Bay Area real estate market cooling off, new report indicates

In the first nine months of 2016, the Bay Area saw a 10.3 percent year-over-year decline in home sales across the region, including double-digit decreases in Alameda County, Santa Clara County and San Francisco.

A new report confirms what many have been saying for several months now: The residential real estate market is losing steam around the Bay Area.

Sales are sluggish and the rate of price appreciation should continue to decelerate in 2017, according to the PropertyRadar information service.

“Prices can continue to skate higher for a while, but at some point you run out of people willing to pay, and prices correct,” said Madeline Schnapp, the Truckee-based firm’s director of economic research.

Looking at the first nine months of 2016, the report shows a 10.3 percent year-over-year decline in sales across the region. Broken down by county, the number of single-family homes and condominiums sold fell by 11.3 percent in Alameda County, 10.1 percent in Santa Clara County, 9.1 percent in San Mateo County and 8.2 percent in Contra Costa County. And in San Francisco, sales tumbled 13 percent.

Even in the inland counties — heretofore a safety valve for buyers seeking affordability — sales were lackluster. Sales activity fell by 9.4 percent in Napa County and 2.4 percent in Sonoma County, while Solano County sales sneaked up by just 1 percent.

Ironically, it is a sign of economic health — the diminishing number of foreclosures and distressed properties — that is contributing to the market’s slowing. According to the report, distressed property sales — down 35.7 percent on a year-over-year basis for the first nine months of 2016 — have declined so dramatically that they now are a drag on overall sales through the region.

When the Bay Area was in the throes of recession early in 2009, distressed property sales — “short sales” of underwater properties and sales of foreclosed properties — accounted for an astonishing 69.1 percent of all sales in the region. In the first nine months of 2016, distressed sales accounted for only 8 percent of total sales.

Because most distressed properties sell for $500,000 or less, their diminishing numbers contribute to the shrinking supply of affordable homes. During the first nine months of 2016, sales of homes priced at $500,000 or less fell 26.7 percent on a year-over-year basis throughout the region, while sales of distressed properties in that same price category fell 45.7 percent.

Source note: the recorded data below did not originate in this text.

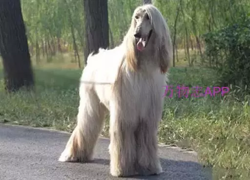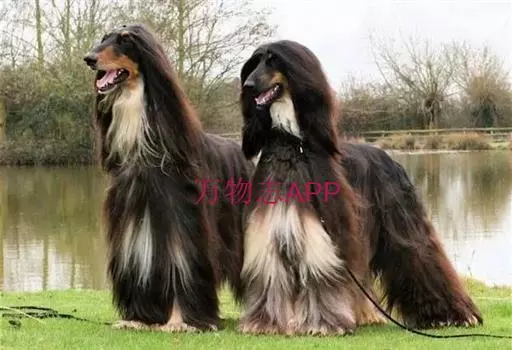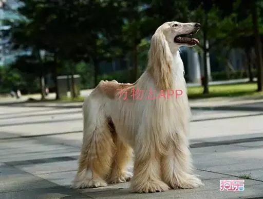 阿富汗猎犬全身披丝绢状的长毛,毛色鲜艳,呈多种颜色,背中线附近毛短,…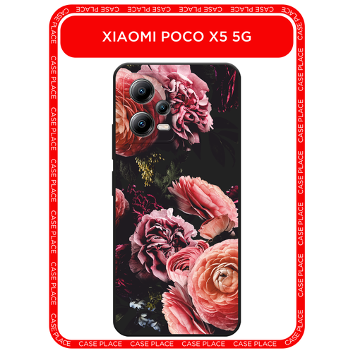 Черный матовый чехол на Xiaomi Poco X5 5G / Сяоми Поко X5 5G с принтом Бордовые винтажные цветы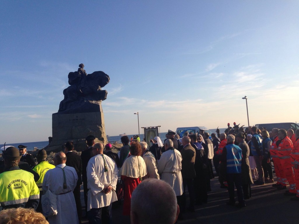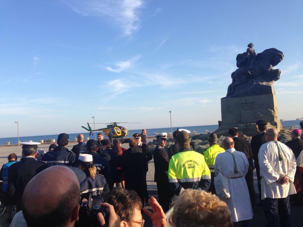 E’ atterrata dal cielo su suolo savonese la Madonna Pellegrina di Fatima. Alle 17 di questo pomeriggio infatti è arrivata in elicottero l’attesa statua in piazza Eroe dei due Mondi al Prolungamento. Molti i fedeli ad attenderla, dopo 57 anni dall’ultima visita.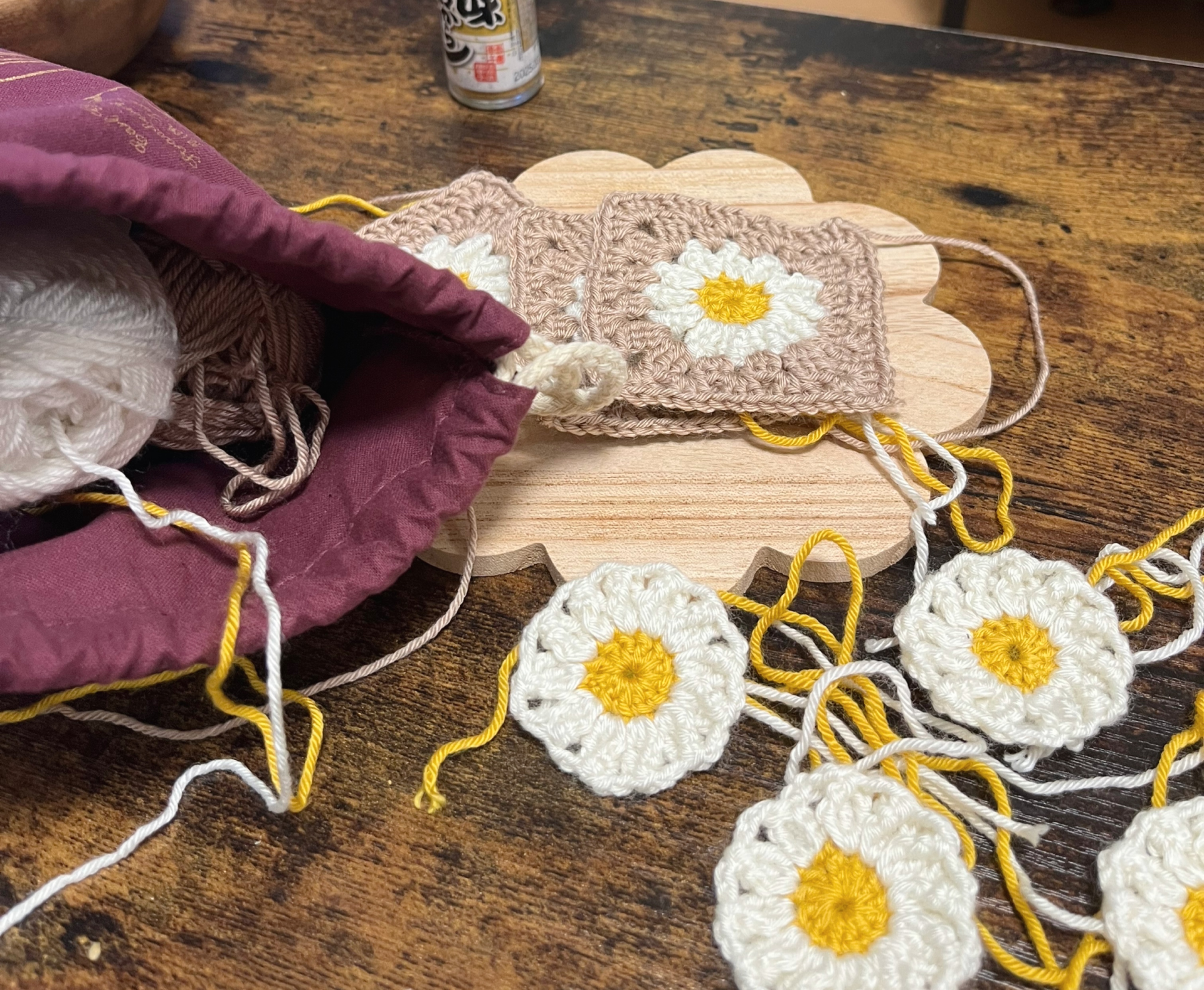 目先の目標はiPad持ち運びケースを作ることなんだけど、何せ同じモチーフを24個とか作らなきゃなので飽きちゃって…合間に別の作業を挟むことで飽きを軽減させている 今半分まで編めたので一旦折り返し地点……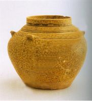 體形碩大。高領(lǐng),階梯狀厚肩,圓鼓腹下收,平底。上腹部置六個(gè)半圓形系,系與肩交接處呈鴨蹼狀。施青釉,釉呈黃色,有流釉現(xiàn)象,積釉處呈醬褐色,釉面光亮。造型凝重

Here’s the upshot. An increasing number of buyers who can’t qualify for, say, a $780,000 house — which in September was the median price of a single-family house in the Bay Area — are left without many options. County by county, these were the September median prices, as charted by PropertyRadar: $505,000 in Contra Costa; $730,000 in Alameda; $950,750 in Santa Clara; $1.137 million in Marin; and $1.18 million in both San Francisco and San Mateo.

“Our prediction,” Schnapp said, “is that we will continue to see sluggish sales and prices that grind higher but at a much slower pace until either prices adjust or new inventory comes on the market.”